▶ TASK DIRECTIONS
Your answer should be the records, copied exactly, with the pictures removed.

▶ DATA FOR THIS EXERCISE

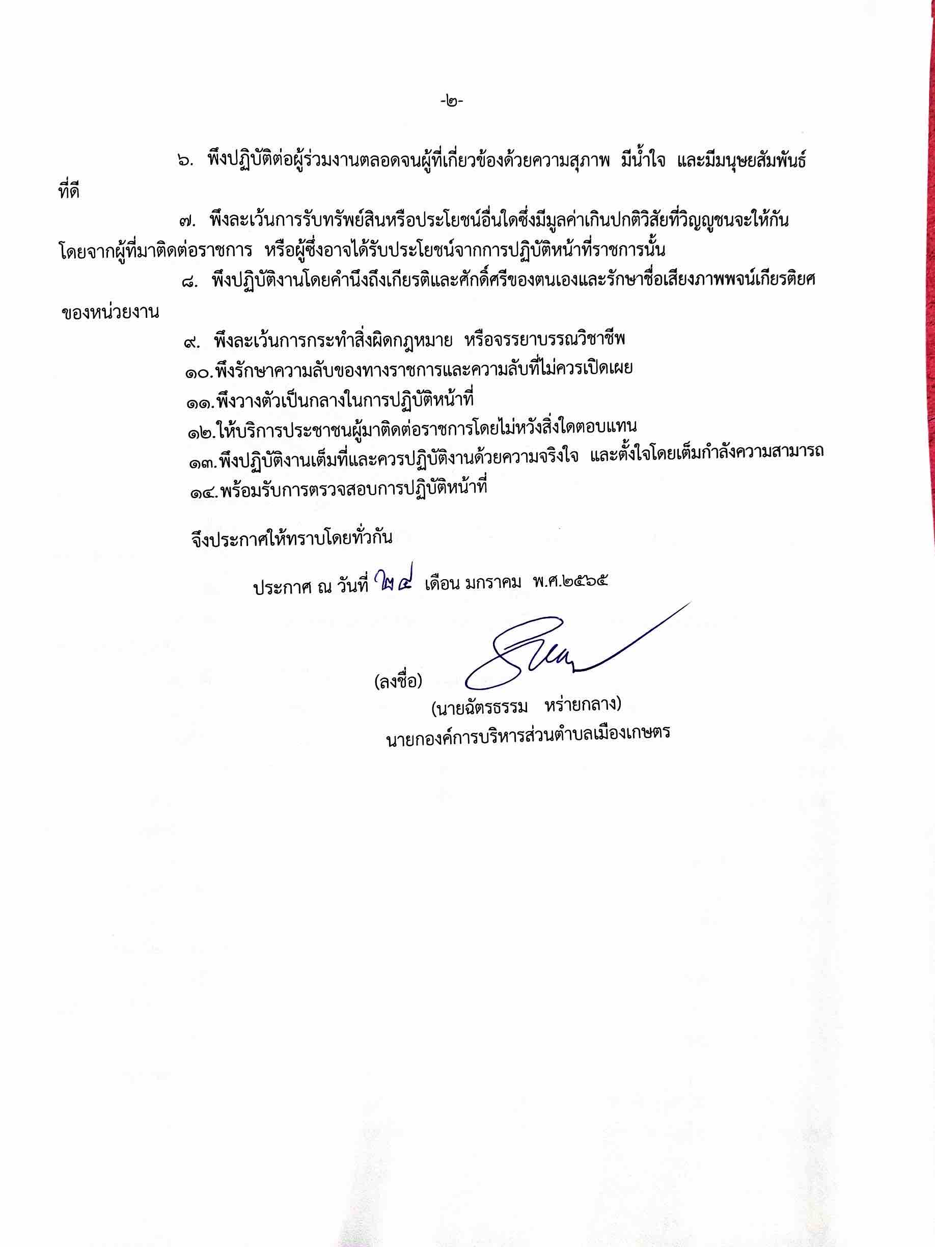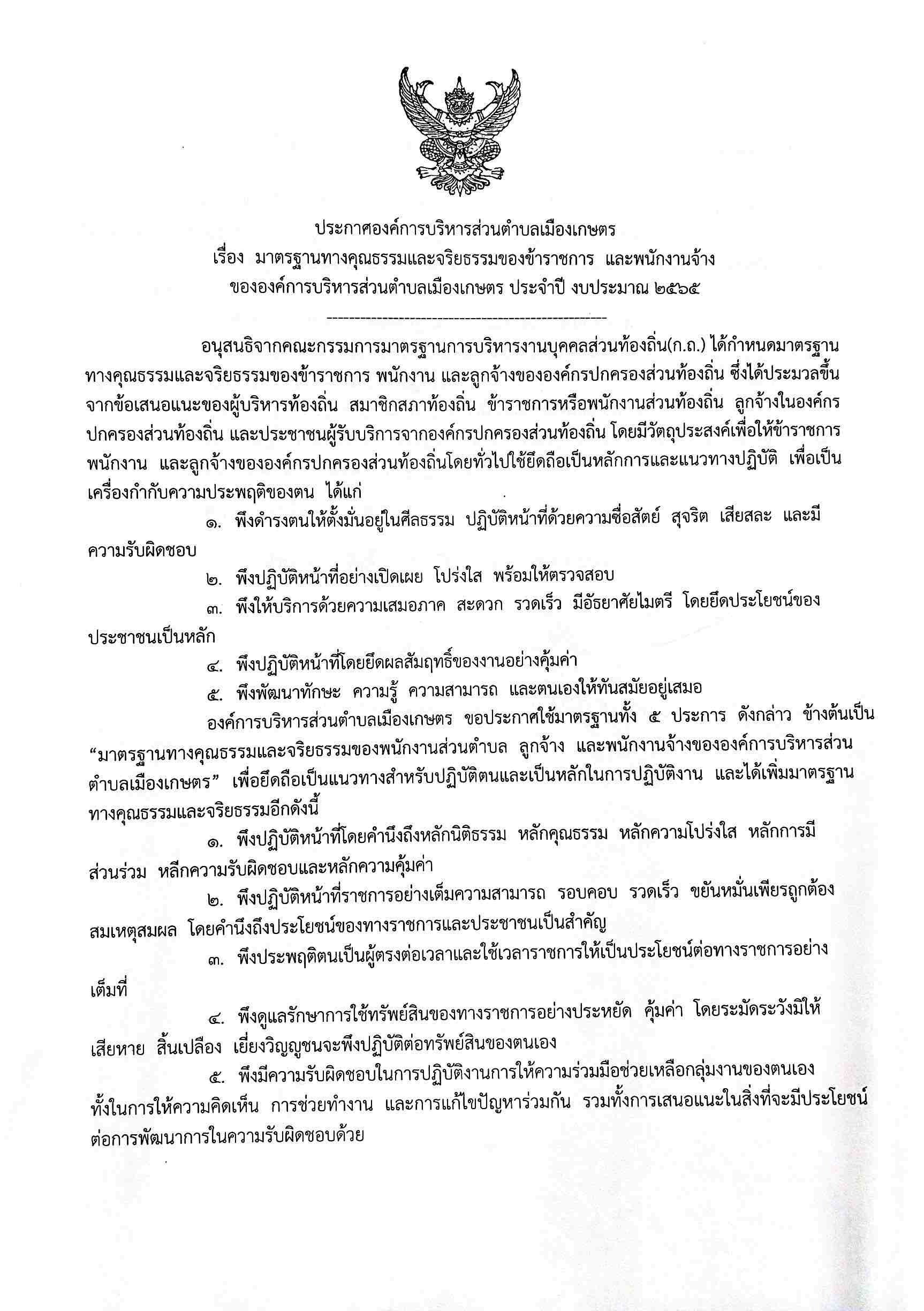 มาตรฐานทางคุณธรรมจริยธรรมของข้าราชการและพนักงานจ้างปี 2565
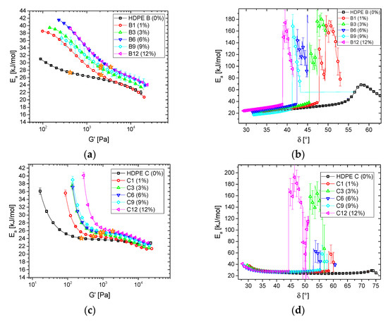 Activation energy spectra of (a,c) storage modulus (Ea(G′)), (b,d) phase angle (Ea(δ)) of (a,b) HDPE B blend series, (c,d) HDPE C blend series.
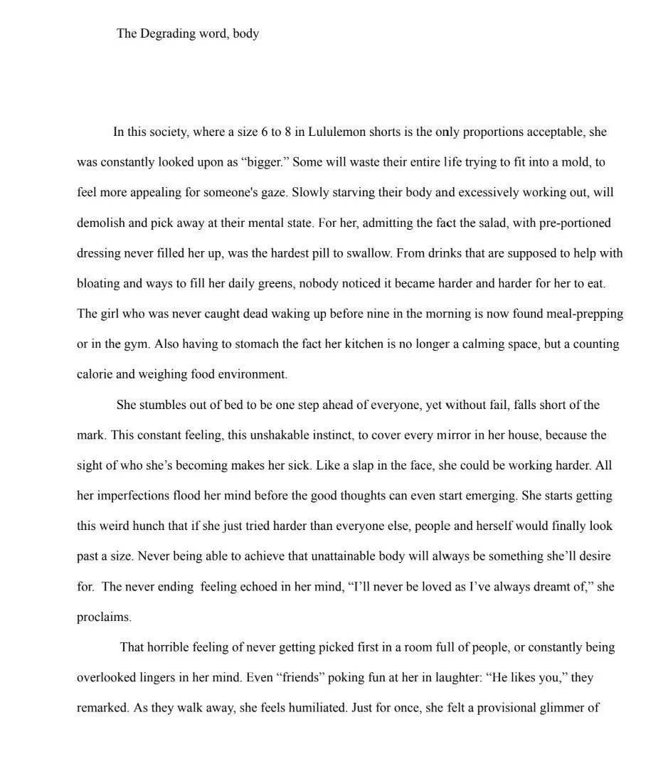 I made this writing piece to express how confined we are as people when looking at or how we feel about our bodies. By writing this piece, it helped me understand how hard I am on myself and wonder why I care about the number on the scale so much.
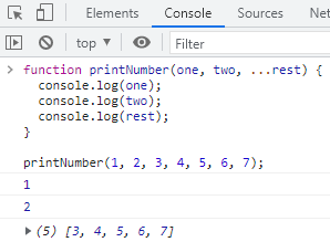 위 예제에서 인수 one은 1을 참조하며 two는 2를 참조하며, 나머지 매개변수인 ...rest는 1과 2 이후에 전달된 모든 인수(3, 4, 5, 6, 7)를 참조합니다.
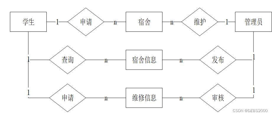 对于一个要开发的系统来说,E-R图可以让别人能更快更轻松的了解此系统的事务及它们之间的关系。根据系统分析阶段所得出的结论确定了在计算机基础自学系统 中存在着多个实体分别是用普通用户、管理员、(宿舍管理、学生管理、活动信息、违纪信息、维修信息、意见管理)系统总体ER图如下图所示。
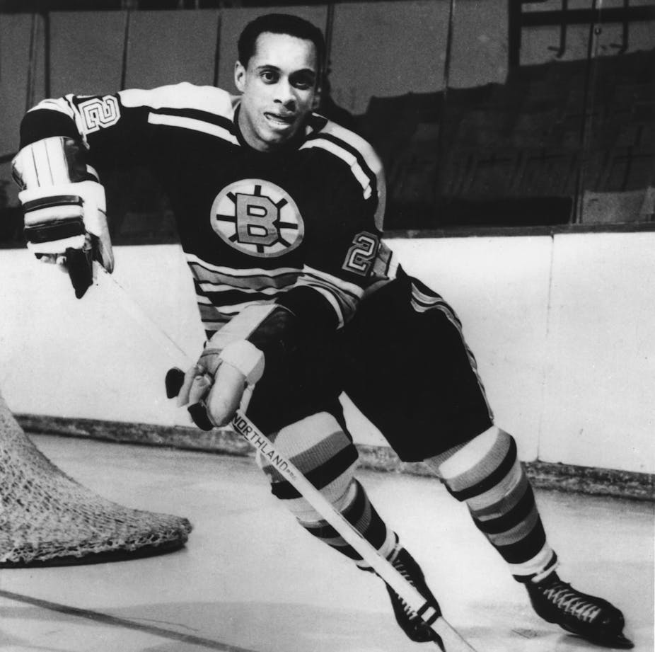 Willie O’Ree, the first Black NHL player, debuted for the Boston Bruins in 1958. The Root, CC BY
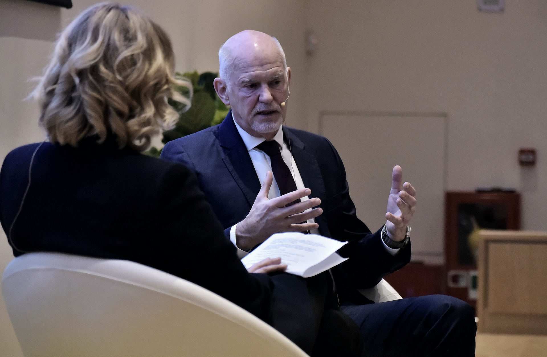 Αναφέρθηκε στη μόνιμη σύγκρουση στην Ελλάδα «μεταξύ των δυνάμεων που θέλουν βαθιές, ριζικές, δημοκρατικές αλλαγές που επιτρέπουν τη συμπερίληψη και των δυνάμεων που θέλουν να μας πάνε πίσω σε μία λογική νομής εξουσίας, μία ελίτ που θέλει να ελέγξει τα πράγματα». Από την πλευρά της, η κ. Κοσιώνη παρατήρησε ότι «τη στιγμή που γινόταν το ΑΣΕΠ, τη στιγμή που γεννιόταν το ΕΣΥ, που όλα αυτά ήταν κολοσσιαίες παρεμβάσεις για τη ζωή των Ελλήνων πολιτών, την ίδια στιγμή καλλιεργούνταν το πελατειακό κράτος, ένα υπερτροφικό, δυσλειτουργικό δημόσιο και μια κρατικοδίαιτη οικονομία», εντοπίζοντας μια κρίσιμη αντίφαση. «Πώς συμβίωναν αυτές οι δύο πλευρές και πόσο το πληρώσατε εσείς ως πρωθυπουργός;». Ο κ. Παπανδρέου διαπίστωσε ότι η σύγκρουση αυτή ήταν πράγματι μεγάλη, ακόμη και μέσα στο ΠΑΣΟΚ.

▶ RESULT OF THIS TASK
 มาตรฐานทางคุณธรรมจริยธรรมของข้าราชการและพนักงานจ้างปี 2565
 Activation energy spectra of (a,c) storage modulus (Ea(G′)), (b,d) phase angle (Ea(δ)) of (a,b) HDPE B blend series, (c,d) HDPE C blend series.
 I made this writing piece to express how confined we are as people when looking at or how we feel about our bodies. By writing this piece, it helped me understand how hard I am on myself and wonder why I care about the number on the scale so much.
 위 예제에서 인수 one은 1을 참조하며 two는 2를 참조하며, 나머지 매개변수인 ...rest는 1과 2 이후에 전달된 모든 인수(3, 4, 5, 6, 7)를 참조합니다.
 对于一个要开发的系统来说,E-R图可以让别人能更快更轻松的了解此系统的事务及它们之间的关系。根据系统分析阶段所得出的结论确定了在计算机基础自学系统 中存在着多个实体分别是用普通用户、管理员、(宿舍管理、学生管理、活动信息、违纪信息、维修信息、意见管理)系统总体ER图如下图所示。
 Willie O’Ree, the first Black NHL player, debuted for the Boston Bruins in 1958. The Root, CC BY
 Αναφέρθηκε στη μόνιμη σύγκρουση στην Ελλάδα «μεταξύ των δυνάμεων που θέλουν βαθιές, ριζικές, δημοκρατικές αλλαγές που επιτρέπουν τη συμπερίληψη και των δυνάμεων που θέλουν να μας πάνε πίσω σε μία λογική νομής εξουσίας, μία ελίτ που θέλει να ελέγξει τα πράγματα». Από την πλευρά της, η κ. Κοσιώνη παρατήρησε ότι «τη στιγμή που γινόταν το ΑΣΕΠ, τη στιγμή που γεννιόταν το ΕΣΥ, που όλα αυτά ήταν κολοσσιαίες παρεμβάσεις για τη ζωή των Ελλήνων πολιτών, την ίδια στιγμή καλλιεργούνταν το πελατειακό κράτος, ένα υπερτροφικό, δυσλειτουργικό δημόσιο και μια κρατικοδίαιτη οικονομία», εντοπίζοντας μια κρίσιμη αντίφαση. «Πώς συμβίωναν αυτές οι δύο πλευρές και πόσο το πληρώσατε εσείς ως πρωθυπουργός;». Ο κ. Παπανδρέου διαπίστωσε ότι η σύγκρουση αυτή ήταν πράγματι μεγάλη, ακόμη και μέσα στο ΠΑΣΟΚ.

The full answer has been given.